The 9th Room contains colossal Egyptian statues. On the right is the figure of the mother of Rhamses II. (Sesostris) between two lions of basalt, which were found in the Baths of Agrippa, and which long decorated the Fontana dei Termini. Upon the base of these lions is inscribed the name of the Egyptian king Nectanebo.

"Dans cette sculpture bien égyptienne, on sent déjà le souffle de l'art grec. La pose de ces lions est la pose roide et monumentale des lions à tête humaine de Louqsor; la crinière est encore de convention, mais la vie est exprimée, les muscles sont accusés avec un soin et un relief que la sculpture purement égyptienne n'a pas connus."—Ampère, Emp. ii. 198.

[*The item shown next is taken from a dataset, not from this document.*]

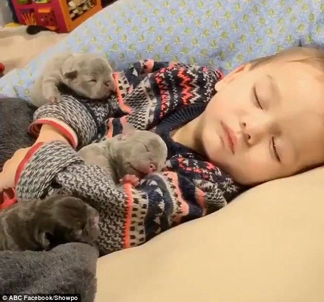 Il video, condivisi su Facebook dal marchio di abbigliamento, Showpo, mostra un bambino che dorme insieme a tre cuccioli adorabili. I piccoli strisciano su di lui per trovare la posizione migliore. Il piccolo non se ne accorge e continua a dormire tranquillamente.
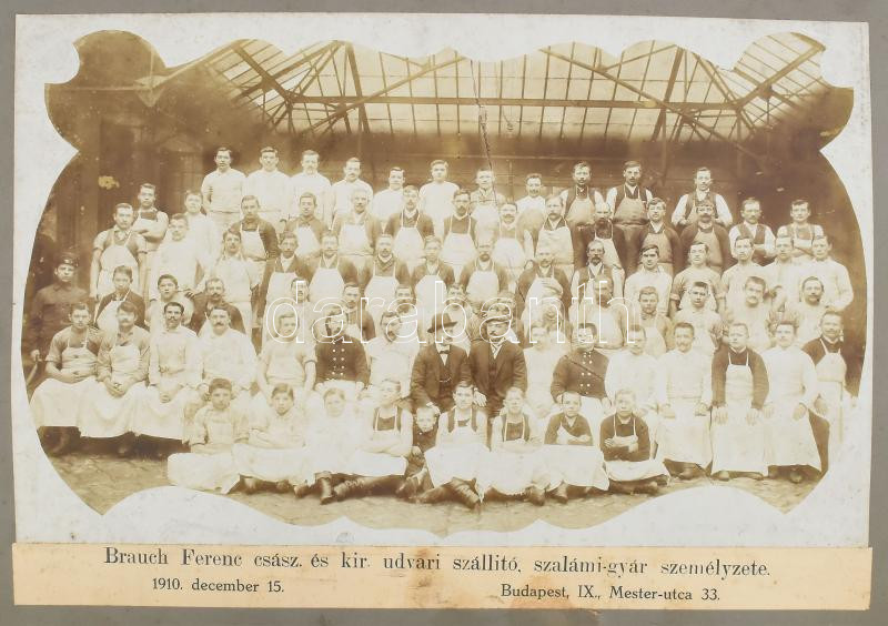 1910 Bp., Brauch Ferenc cs. és kir. udvari szállító szalámigyár személ... https://www.darabanth.com/hu/469-Gyorsarveres/469.0/Fotomuveszet/Foto~500023/1910-Bp-Brauch-Ferenc-cs-es-kir-udvari-szallito-szalamigyar-szemelyzete-kartonra-kasiro~II3143824

"Ces lions ont une expression remarquable de force et de repos; il y a quelque chose dans leur physiognomie qui n'appartient ni à l'animal ni à l'homme: ils semblent une puissance de la nature, et l'on conçoit, en les voyant, comment les dieux du paganisme pouvaient être représentés sous cet emblème."—Mad. de Staël.

In the centre of the entrance-wall are, Ptolemy-Philadelphus, and, on his left, his queen Arsinoë, of red granite. These were found in the gardens of Sallust, and were formerly preserved in the Senator's Palace.

"There is a fine collection of Egyptian antiquities in the Vatican; and the ceilings of the rooms in which they are arranged, are painted to represent a starlight sky in the desert. It may seem an odd idea, but it is very effective. The grim, half-human monsters from the temples, look more grim and monstrous underneath the deep dark blue; it sheds a strange uncertain gloomy air on everything—a mystery adapted to the objects; and you leave them, as you find them, shrouded in a solemn night."—Dickens.

The Egyptian Gallery has an egress into the Sala a Croce Greca.


The windows of the Egyptian Museum look upon the inner Garden of the Vatican, which may be reached by a door at the end of the long gallery of the Museo Chiaramonti, before ascending to the Torso. The garden which is thus entered, called Giardino della Pigna, is in fact merely the second great quadrangle of the Vatican, planted with shrubs and flowers. Several interesting relics are preserved here. In the centre is the Pedestal of the Column of Antoninus Pius, found in 1709 on the Monte Citorio. The column was a simple memorial pillar of granite, erected by the two adopted sons of the emperor, Marcus Aurelius and Lucius Verus. It was broken up to mend the obelisk of Psammeticus I. at the Monte Citorio. Among the reliefs of the pedestal is one of a winged genius guiding Antoninus and Faustina to Olympus. In the great semicircular niche of Bramante, at the end of the court-garden, is the famous Pigna, a gigantic fir-cone, which once crowned the summit of the Mausoleum of Hadrian. Thence it was first removed to the front of the old basilica of St. Peter's. In the fresco of the old St. Peter's at S. Martino al Monte, the pigna is introduced, but it is there placed in the centre of the nave, a position it never occupied. Dante saw it at St. Peter's, and compares it to a giant's head (it is eleven feet high) which he saw through the mist in the last circle of hell.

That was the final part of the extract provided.